The influence of varying proportions of MP and SSMP on the compressive strength of SSCM at a molding pressure of 20 MPa is illustrated in Figure 8. After 1 day of hydration, as the proportion of mineral powder increased, the strength gradually decreased. This phenomenon can be attributed to the fact that early strength development in CSA is primarily driven by the rapid hydration of ettringite. The mineral powder replaced some of the SSCM and had minimal involvement in the early hydration reactions. However, as the hydration period progressed, MP became more active due to activation by the hydration products of cement [43]. It should be noted that unlike casting processes, the dry-mixing method renders the particle size distribution inconsequential to the raw materials’ flow characteristics, affecting only their particle packing behavior.
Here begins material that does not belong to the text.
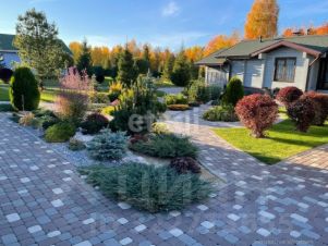 Ландшафтный дизайн. Участок очень зеленый , рулонный газон с системой автоматического полива, футбольное поле, зона воркаут + беговая дорожка 90 м. Много хвойных деревьев и кустарников .

This influence becomes further attenuated after pressure forming.
The incorporation of SSMP resulted in a decreasing trend in material strength at 1 day, with a more pronounced decrease observed with higher content. This differed from previous literature findings, attributed to the higher water-to-cement ratio prevalent in casting processes, which accelerated the dissolution of steel slag, consequently elevating the pH of the pore solution and accelerating hydration, thereby enhancing early strength. At 3 days of hydration, the dissolution of SSMP and SSCM material significantly increased, resulting in a rise in pore solution pH and the acceleration of hydration reactions [44]. Consequently, at 3 days of hydration, the strength of the S20 and S30 groups exceeded that of the FP20 group. By 28 days of hydration, with the material undergoing thorough hydration, the addition of 30% SSMP resulted in the greatest strength enhancement, with an increase of 29.25%. When the steel slag powder content was 40%, there was still an improvement in compressive strength compared to the SSCM20 group. However, based on the trend of decreasing strength, it could be inferred that when the steel slag powder content exceeded 40%, there would be a significant decrease in material compressive strength.
The compressive strength of ternary composite cementitious materials composed of different proportions of MP, SSMP, and SSCM materials is illustrated in Figure 9. At 1 day, the strength of groups G1–G9 was lower than that of FP20. This was primarily because MP and SSMP had minimal positive effects during the early hydration stage when the water-to-binder ratio was low, but their dilution effect could compromise material performance. After 28 days, an appropriate combination of additives could enhance material strength. For instance, group G4 exhibited a 13.81% increase in strength, indicating that the synergistic cementitious action of MP and SSMP, at suitable proportions, could improve material performance. However, excessive additive content should be avoided. When the total content reached 55%, the compressive strength of the resulting material decreased by 18.54% relative to the FP20 group. Therefore, the total additive content should be kept below 50%. Comparing G7 with G2 and G8 with G3, it can be observed that maintaining an MP to SSMP ratio of approximately 1:1 maximized the synergistic effect of the materials. Moreover, the combined incorporation of MP and SSMP enabled higher SSCM replacement ratios compared to their individual addition.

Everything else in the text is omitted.